*DATA BELOW*
------------------------------------------------------------------------
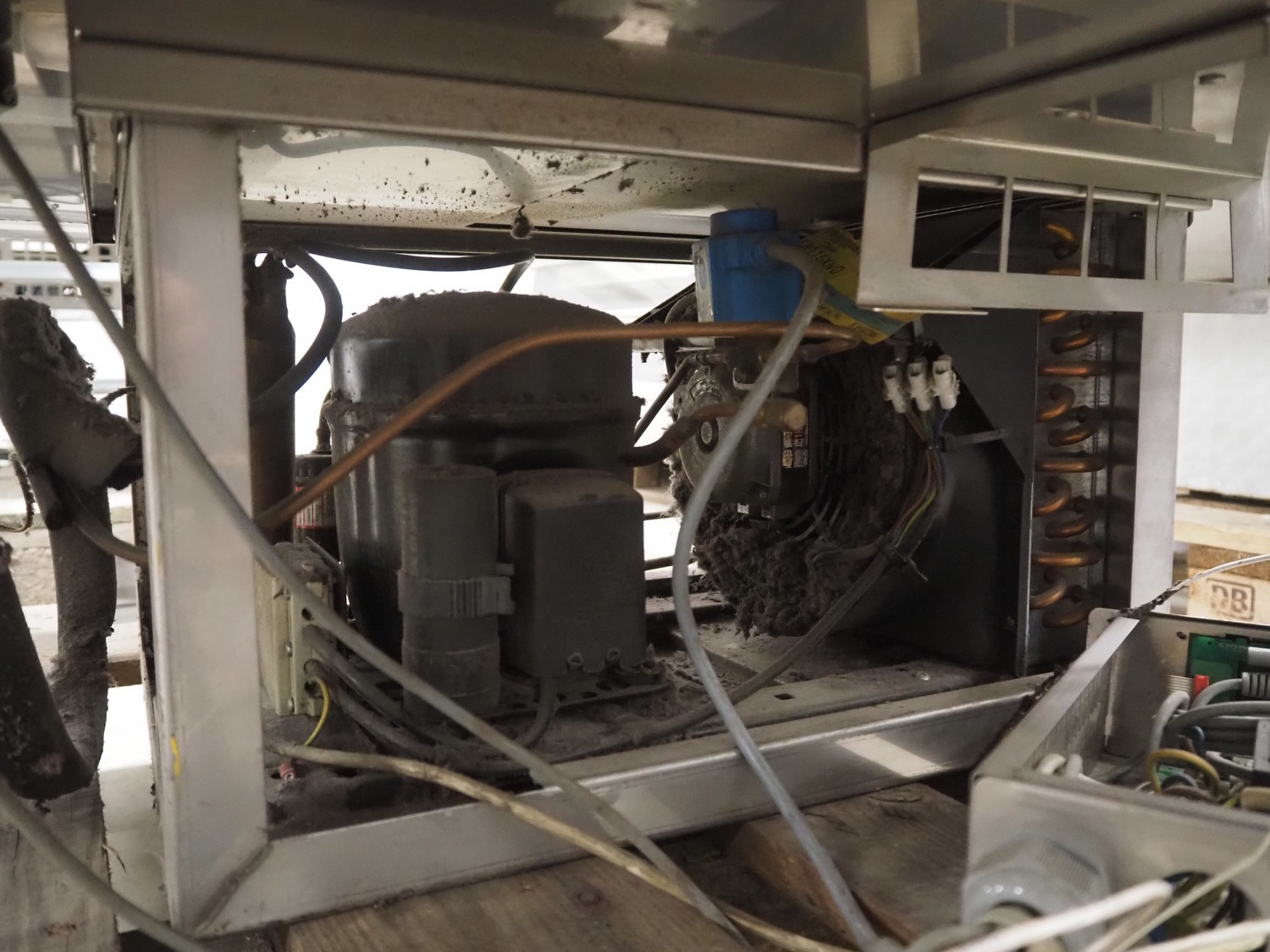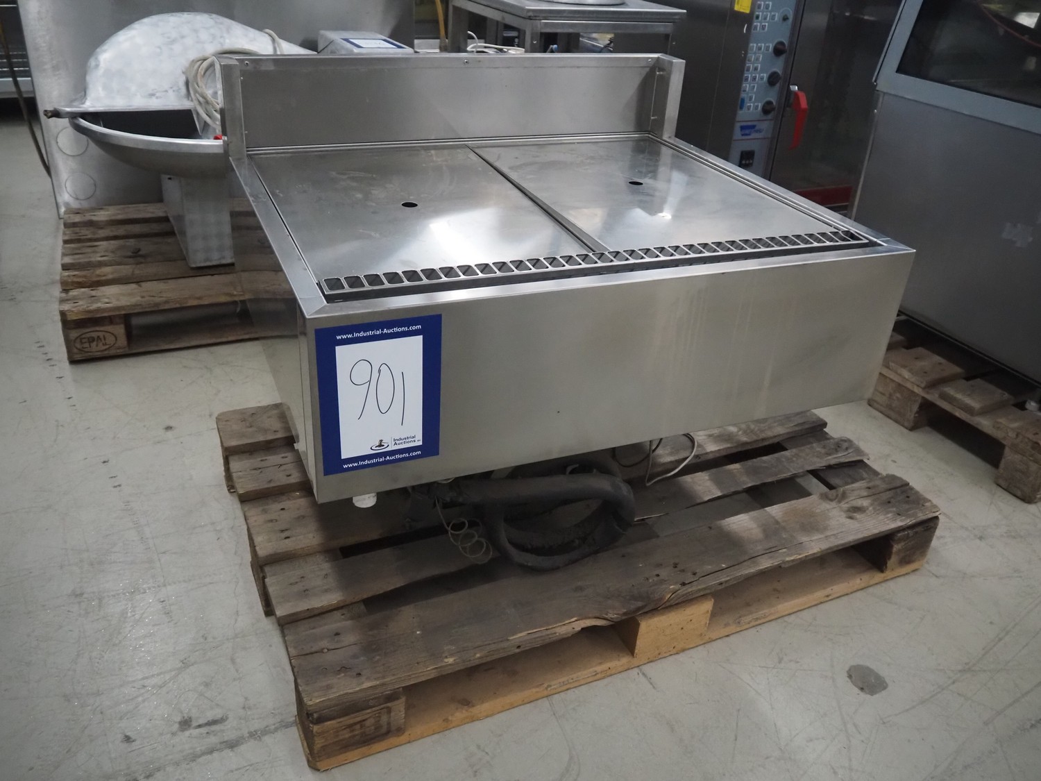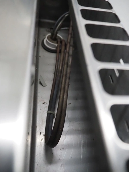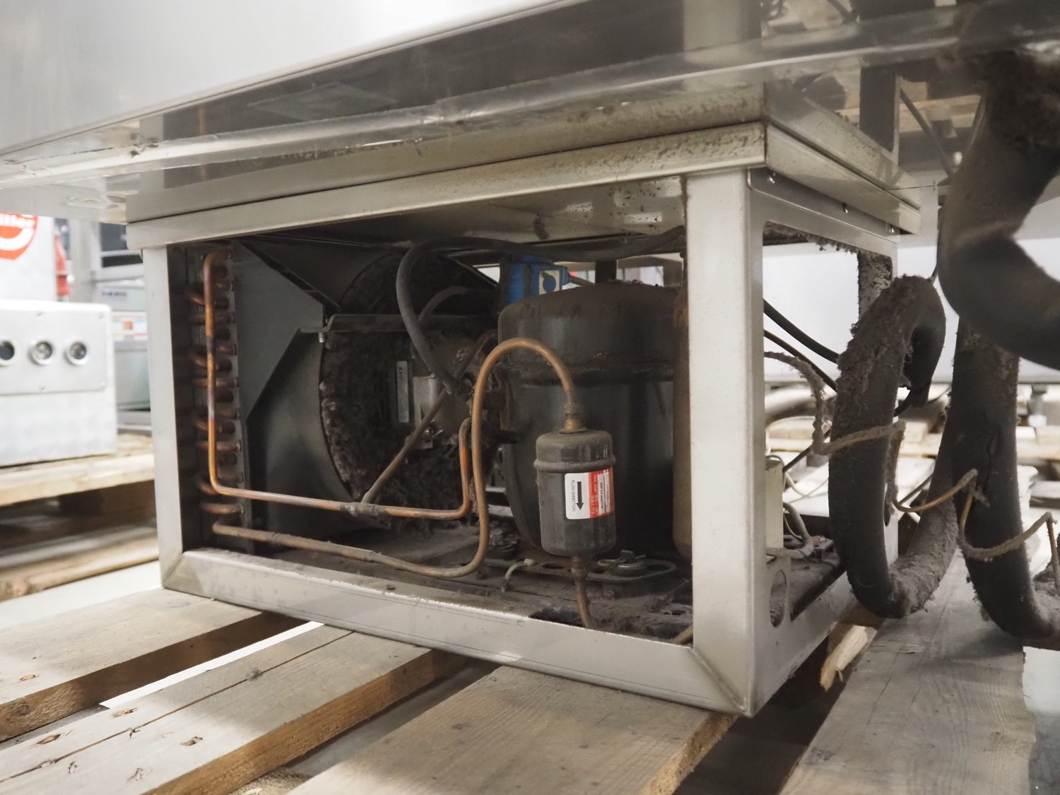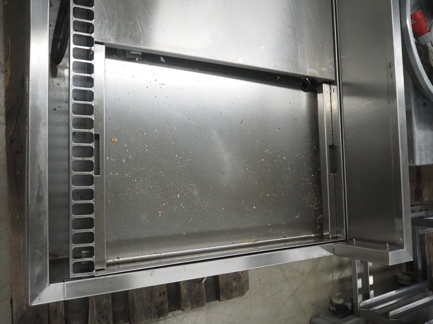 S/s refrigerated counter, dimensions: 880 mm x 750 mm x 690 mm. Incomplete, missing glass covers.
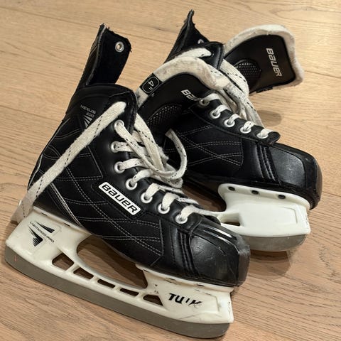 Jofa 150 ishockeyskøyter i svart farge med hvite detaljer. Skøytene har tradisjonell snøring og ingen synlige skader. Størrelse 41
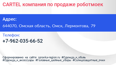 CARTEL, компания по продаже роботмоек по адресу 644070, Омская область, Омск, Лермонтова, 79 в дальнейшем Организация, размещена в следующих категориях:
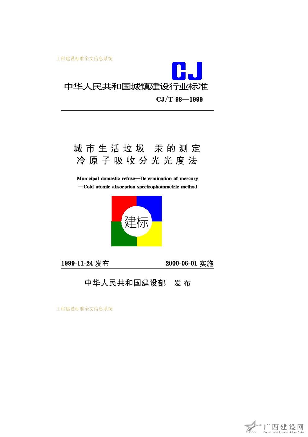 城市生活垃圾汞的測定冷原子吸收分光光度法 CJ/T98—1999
------------------------------------------------------------------------
*WORK TO COMPLETE*
Since the pictures are not wanted, transcribe only the rest of the material above, exactly as it stands.

*EXERCISE RESULT*
 S/s refrigerated counter, dimensions: 880 mm x 750 mm x 690 mm. Incomplete, missing glass covers.
 Jofa 150 ishockeyskøyter i svart farge med hvite detaljer. Skøytene har tradisjonell snøring og ingen synlige skader. Størrelse 41
 CARTEL, компания по продаже роботмоек по адресу 644070, Омская область, Омск, Лермонтова, 79 в дальнейшем Организация, размещена в следующих категориях:
 城市生活垃圾汞的測定冷原子吸收分光光度法 CJ/T98—1999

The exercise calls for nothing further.